The police officer comes over. Officer Pettigrew, it says on the tag. “Quite an adventurous day for you, missy,” he says. “You’re lucky to have this guy as your daddy, I’ll tell you that.” He shakes his head, and Patrick’s afraid they’re now going to have to hear tales of things Officer Pettigrew has seen in this job, but at the last instant, Pettigrew seems to think better of it. Patrick knows he’s probably relieved that this particular story has an okay ending: nobody’s raging, the kid is wanted, and security managed to do its job and not let her fly across country unaccompanied. Nevertheless, for a moment Patrick fears that there is going to be other questioning, talk of fraud and child neglect—who knows what could be drummed up?

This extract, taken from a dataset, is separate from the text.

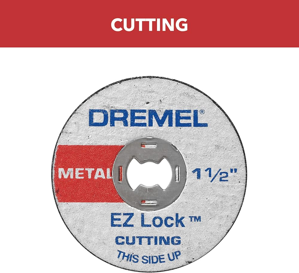 The Dremel 1-1/2-Inch EZ Lock Rotary Tool Cut-Off Wheels make it easy to cut through metal. These reinforced cut-off wheels last up to two times longer than typical fiberglass wheels. These wheels can be used for cutting metal conduit and PVC piping, reslotting screw heads, and removing rusty nail heads. The EZ Lock design makes changing accessories as easy as a pull, twist, and release, with no worry of losing a screw or needing a wrench. This pack includes five cut-off wheels.

And here it comes. “Sir, I’ll just need to see your identification and the birth certificate of the child. And then you can sign these forms.”
He gets the birth certificate out of his pocket and then remembers it’s not going to have his name on it. He starts a bumbling explanation about how he’s not married to the mother—but the cop looks around and then quietly says it’s okay. “I can see you two belong together. Same eyes and hair. Same blubbering tears.” He smiles and pretends to wipe away nonexistent tears from his own face.
Patrick opens the envelope and hands him the birth certificate anyway . . . and there, on the line where it says Father, there he sees his own name. Typed there. Patrick Delaney.
And just like that, there’s a crack in the awful, and he feels the flood of . . . something . . . love, maybe, hope . . . rushing in.
Fritzie holds his hand as they walk out of the airport to catch their Uber. By the time they get there, he’s actually kind of glad to see she looks spunky and defiant again.